With the course, especially for an unlimited domain in Fourier series:
http://fr.wikipedia.org/wiki/Conduction_thermique
above all we get the factor pi dividing time t = T for periodic oscillations of period T giving a depth of penetration
as delta = rac (DT / pi) in delta = rac (2.D / 0mega) with the pulse Omega = 2.pi / T
http://fr.wikipedia.org/wiki/Diffusivit%C3%A9_thermique

for a 24 hour day = 86400s and D = 1mm2 / s, (compact earth clay), this gives an exponential penetration of the oscillations between day and night of
delta=rac(1.86400/3,14)=165mm=0,165m=16,5cm

So if you want to store the variations of T well, the sun by day for the night, it is useless to take a thickness greater than this value (to correct the true value of D for the chosen material, a factor of 3 between marble or granite and wood).

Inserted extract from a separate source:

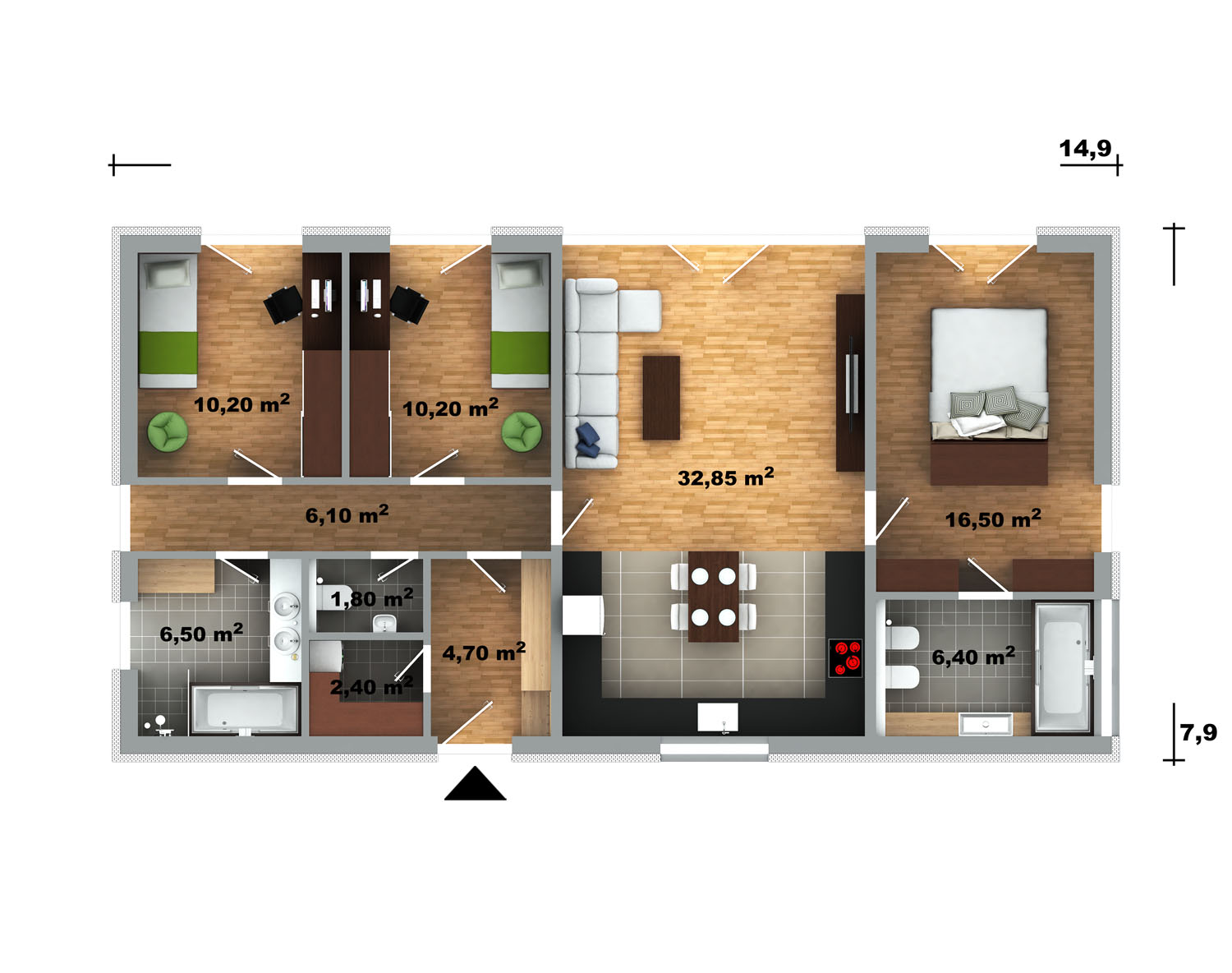 Rozměry: 14,9 × 7,9 m

Finally the heat stored is that on the volume in this depth of penetration, or with a specific heat of 1KJ / dm3 ° K = 1MegaJoule / m3 ° K, (about that of clay, variable according to its origin and twice as much for concrete see the table:
http://fr.wikipedia.org/wiki/Diffusivit%C3%A9_thermique
) we obtain with 0,165m and 36 ° C of variation, between day and night (a lot) 10KWh / m3 and for 0,165m of depth 1,65KWh / m2, very little 1/3 of wood burned in a stove.
The value 36 ° C is excessive (taken because of 3600s / h for simplicity), and is rather half, which means that such a wall stores little per m2 between day and night sun, and is only useful in a very very isolated house, requiring very very little heat.

Daytime heat can be increased by convection or air or water circulation over a much larger storage area of ​​about 16cm thick.

But the volume must be high typically more than ten tonnes, 10 times more than for a mass stove which gives a variation of T 10 times higher than this passive sun.

Finally the same method can be used to store between seasons, summer heat for winter, free underground, more than 3 to 6m deep, as functional since 2007, at
www.dlsc.ca
here can heat 52 houses completely in winter at 20 ° C, (but not totally domestic hot water, because you want too hot in winter to wash, 60 ° C)
and discussed on:
https://www.econologie.com/forums/chaleur-d- ... 10828.html
https://www.econologie.com/forums/stockage-d ... 10173.html
https://www.econologie.com/forums/stockage-i ... 11366.html

The inter-season storage volume, on earth is measured in 500m3 to thousands of m3 per house, depending on the thermal insulation of this house, but free land allows this by drilling every 2m or so, over a volume of almost spherical shape, to reduce losses by surface diffusion.
The summer sensor can be very inexpensive for large areas, simple 16mm polyethylene pipe, a little insulated below, and in plastic film.

Finally all CO2 and nuclear can be replaced by this shallow geothermal solar solution, by developing it with a research cost much lower than the price in addition to developing the EPR, for heating, free to perpetuity, without CO2, without radioactive pollution, or nuclear disaster, emptying an entire region for centuries !!